StoneDB/sql/sql_executor.h

689 lines
22 KiB
C++

#ifndef SQL_EXECUTOR_INCLUDED
#define SQL_EXECUTOR_INCLUDED
/* Copyright (c) 2000, 2021, Oracle and/or its affiliates. All rights
* reserved.
This program is free software; you can redistribute it and/or modify
it under the terms of the GNU General Public License, version 2.0,
as published by the Free Software Foundation.
This program is also distributed with certain software (including
but not limited to OpenSSL) that is licensed under separate terms,
as designated in a particular file or component or in included license
documentation. The authors of MySQL hereby grant you an additional
permission to link the program and your derivative works with the
separately licensed software that they have included with MySQL.
This program is distributed in the hope that it will be useful,
but WITHOUT ANY WARRANTY; without even the implied warranty of
MERCHANTABILITY or FITNESS FOR A PARTICULAR PURPOSE. See the
GNU General Public License, version 2.0, for more details.

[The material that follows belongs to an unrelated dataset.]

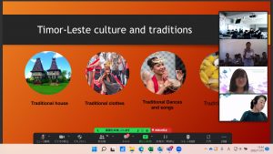 11月14日(月)~18日(金)の5日間、外務省が進める対日理解促進交流プログラムJENESYS2022が行われました。JRC「結」メンバーと国際交流に興味がある1,2年生徒らが、短期留学の代わりにオンラインで東ティモールと交流しました。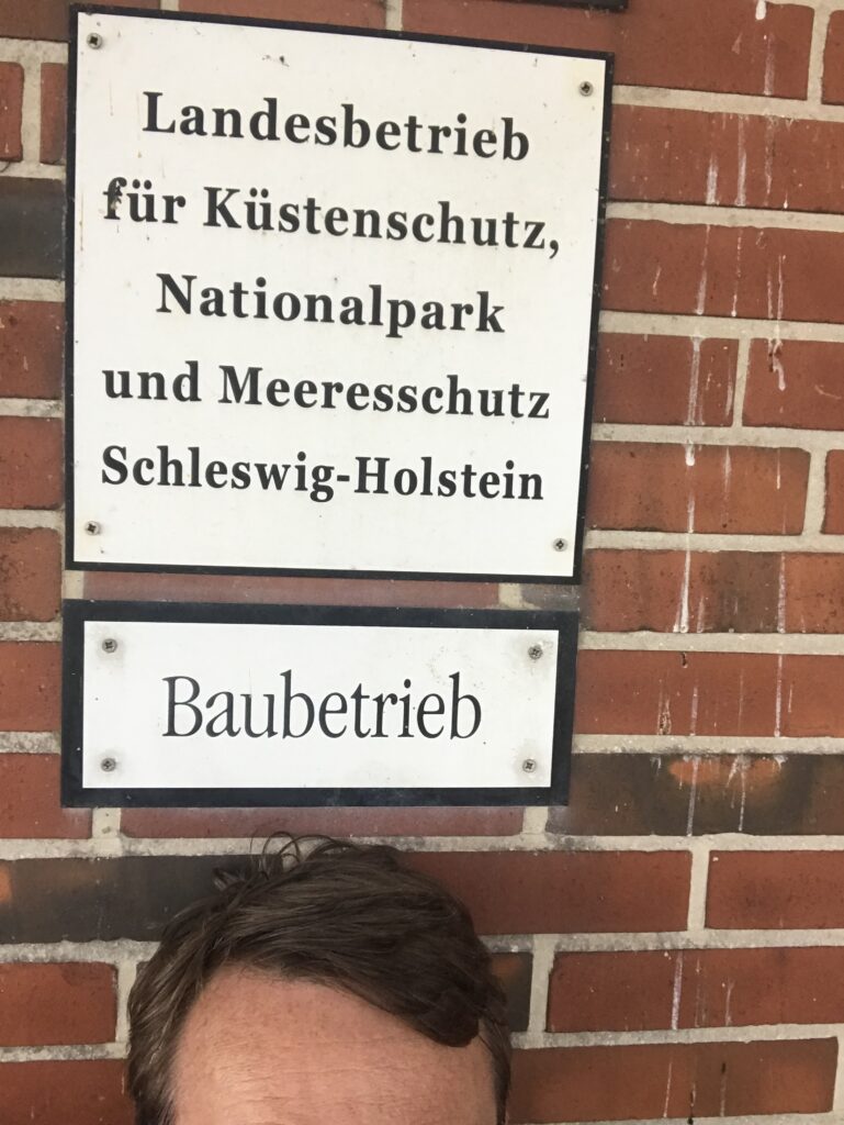 Nach der ersten Hälfte erwischt uns ein deftiges Gewitter. Zum Glück dürfen wir uns beim "Landesbetrieb für Küstenschutz, Nationalpark und Meeresschutz Schleswig-Holstein" unter dem Behördenvordach unterstellen. Regenschauer vs. Bielinski: 0:4

You should have received a copy of the GNU General Public License
along with this program; if not, write to the Free Software
Foundation, Inc., 51 Franklin St, Fifth Floor, Boston, MA 02110-1301 USA */
/** @file Classes for query execution */
#include "records.h" // READ_RECORD
#include "sql_opt_exec_shared.h" // QEP_shared_owner
class JOIN;
class JOIN_TAB;
class QEP_TAB;
typedef struct st_table_ref TABLE_REF;
typedef struct st_position POSITION;
/**
Possible status of a "nested loop" operation (Next_select_func family of
functions).
All values except NESTED_LOOP_OK abort the nested loop.
*/
enum enum_nested_loop_state
{
/**
Thread shutdown was requested while processing the record
@todo could it be merged with NESTED_LOOP_ERROR? Why two distinct states?
*/
NESTED_LOOP_KILLED= -2,
/// A fatal error (like table corruption) was detected
NESTED_LOOP_ERROR= -1,
/// Record has been successfully handled
NESTED_LOOP_OK= 0,
/**
Record has been successfully handled; additionally, the nested loop
produced the number of rows specified in the LIMIT clause for the query.
*/
NESTED_LOOP_QUERY_LIMIT= 3,
/**
Record has been successfully handled; additionally, there is a cursor and
the nested loop algorithm produced the number of rows that is specified
for current cursor fetch operation.
*/
NESTED_LOOP_CURSOR_LIMIT= 4
};
typedef enum_nested_loop_state
(*Next_select_func)(JOIN *, class QEP_TAB *, bool);
/*
Temporary table used by semi-join DuplicateElimination strategy
This consists of the temptable itself and data needed to put records
into it. The table's DDL is as follows:
CREATE TABLE tmptable (col VARCHAR(n) BINARY, PRIMARY KEY(col));
where the primary key can be replaced with unique constraint if n exceeds
the limit (as it is always done for query execution-time temptables).
The record value is a concatenation of rowids of tables from the join we're
executing. If a join table is on the inner side of the outer join, we
assume that its rowid can be NULL and provide means to store this rowid in
the tuple.
*/
class SJ_TMP_TABLE : public Sql_alloc
{
public:
SJ_TMP_TABLE():hash_field(NULL)
{}
/*
Array of pointers to tables whose rowids compose the temporary table
record.
*/
class TAB
{
public:
QEP_TAB *qep_tab;
uint rowid_offset;
ushort null_byte;
uchar null_bit;
};
TAB *tabs;
TAB *tabs_end;
/*
is_confluent==TRUE means this is a special case where the temptable record
has zero length (and presence of a unique key means that the temptable can
have either 0 or 1 records).
In this case we don't create the physical temptable but instead record
its state in SJ_TMP_TABLE::have_confluent_record.
*/
bool is_confluent;
/*
When is_confluent==TRUE: the contents of the table (whether it has the
record or not).
*/
bool have_confluent_row;
/* table record parameters */
uint null_bits;
uint null_bytes;
uint rowid_len;
/* The temporary table itself (NULL means not created yet) */
TABLE *tmp_table;
/*
These are the members we got from temptable creation code. We'll need
them if we'll need to convert table from HEAP to MyISAM/Maria.
*/
MI_COLUMNDEF *start_recinfo;
MI_COLUMNDEF *recinfo;
/* Pointer to next table (next->start_idx > this->end_idx) */
SJ_TMP_TABLE *next;
/* Calc hash instead of too long key */
Field_longlong *hash_field;
};
/**
Executor structure for the materialized semi-join info, which contains
- Description of expressions selected from subquery
- The sj-materialization temporary table
*/
class Semijoin_mat_exec : public Sql_alloc
{
public:
Semijoin_mat_exec(TABLE_LIST *sj_nest, bool is_scan, uint table_count,
uint mat_table_index, uint inner_table_index)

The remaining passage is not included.